Ein Knall irgendwo unten lässt mich aufschrecken. Ich muss eingenickt sein. Einen Blick auf die Uhr werfend richte ich mich auf. Kurz vor Mitternacht. Ich strecke mich und schlurfe in mein Zimmer, wo ich anfange, meine Maske herzurichten und mich anzuziehen. Ich entscheide mich für ein dunkelrotes Trägertop und die schwarze Hose mit den Kristallverstärkungen. Ich versuche mir einzureden, dass ich mich nur so sorgfältig schminke, um kein Risiko einzugehen. Nicht wirklich erfolgreich. Dass die Farbe meines Lippenstiftes zur Farbe meines Tops passt, ist das ultimative Anzeichen dafür, dass ich ein peinlicher Idiot bin. Trotzdem lächle ich meinem Spiegelbild zu, bevor ich aus dem Fenster klettere. Der Weg ist mir mittlerweile so vertraut, dass ich kaum noch hinsehen muss, um die Wandvorsprünge zu finden, die mich nach unten befördern. Unten angekommen schalte ich wie immer den Camouflagemodus wieder aus und mache mich auf den Weg. Da heute Sonntag ist, ist die Stadt nicht ganz so voll wie an anderen Abenden. Das Arcadia ist trotzdem gut gefüllt. Doch heute ist es etwas anders eingerichtet. Das Klavier steht nicht auf der Bühne, sondern weitere Tische mit Stühlen und überall sind Spielkarten, Spielbretter und Würfel auf den Tischen verteilt.

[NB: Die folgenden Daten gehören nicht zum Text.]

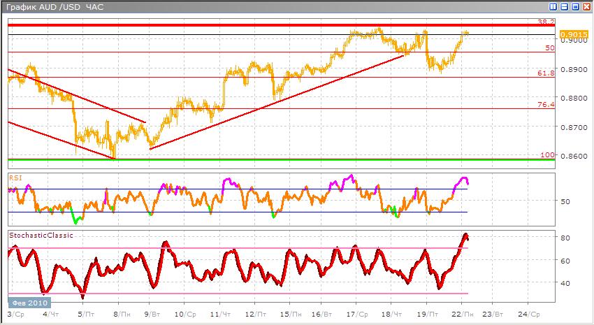 Австралийский доллар также находится в тех же пределах все пытаясь подкатить к уровню сопротивления расположенного на 38,2% по Фибоначчи, но пробить его никак не удается. Текущая ситуация указывает, что дальнейшее движение будет откатом от этого уровня вниз к 61,8% по Фибоначчи, а может и ниже. Стандартные индикаторы торговли указывают на сигнал продаже, Stohastic после выхода из зоны перекупленности направлен вниз, и RSI также находясь в зоне перекупленности направлен вниз , что усиливает сигнал.

„Heute ist Spieleabend", sagt eine Stimme, die mir den ganzen Tag nicht aus dem Kopf wollte, direkt in mein Ohr. Dass Finnick es wieder geschafft hat, sich an mich heranzuschleichen, ohne dass ich es bemerke, wäre mir unheimlich, aber bei der Lautstärke, die in diesem Raum immer herrscht, ist es eigentlich keine Kunst. Ich drehe mich zu ihm um und lasse ihn meine Hand nehmen, um mich zu dem Tisch mit seinen Freunden zu führen. Ich werde von Sona, Nyx, Mako und Loria freudig begrüßt und winke grinsend mit meiner freien Hand. Finnick und ich setzen uns nebeneinander an den Tisch und Mako und Loria beginnen damit, mir die Regeln des Kartenspiels zu erklären, das sie nun spielen wollen. Ich versuche den Worten zu folgen und nur mein jahrelanges Training in strategischem Denken ermöglicht es mir, die Regeln zu verstehen, während Finnicks Hand meine hält. Zwischendurch drückt er sie manchmal leicht, was es noch schwieriger macht, nicht den Faden zu verlieren. Ich drücke zurück und werfe einen Seitenblick auf das Lächeln, das sich auf seinem Gesicht breit macht.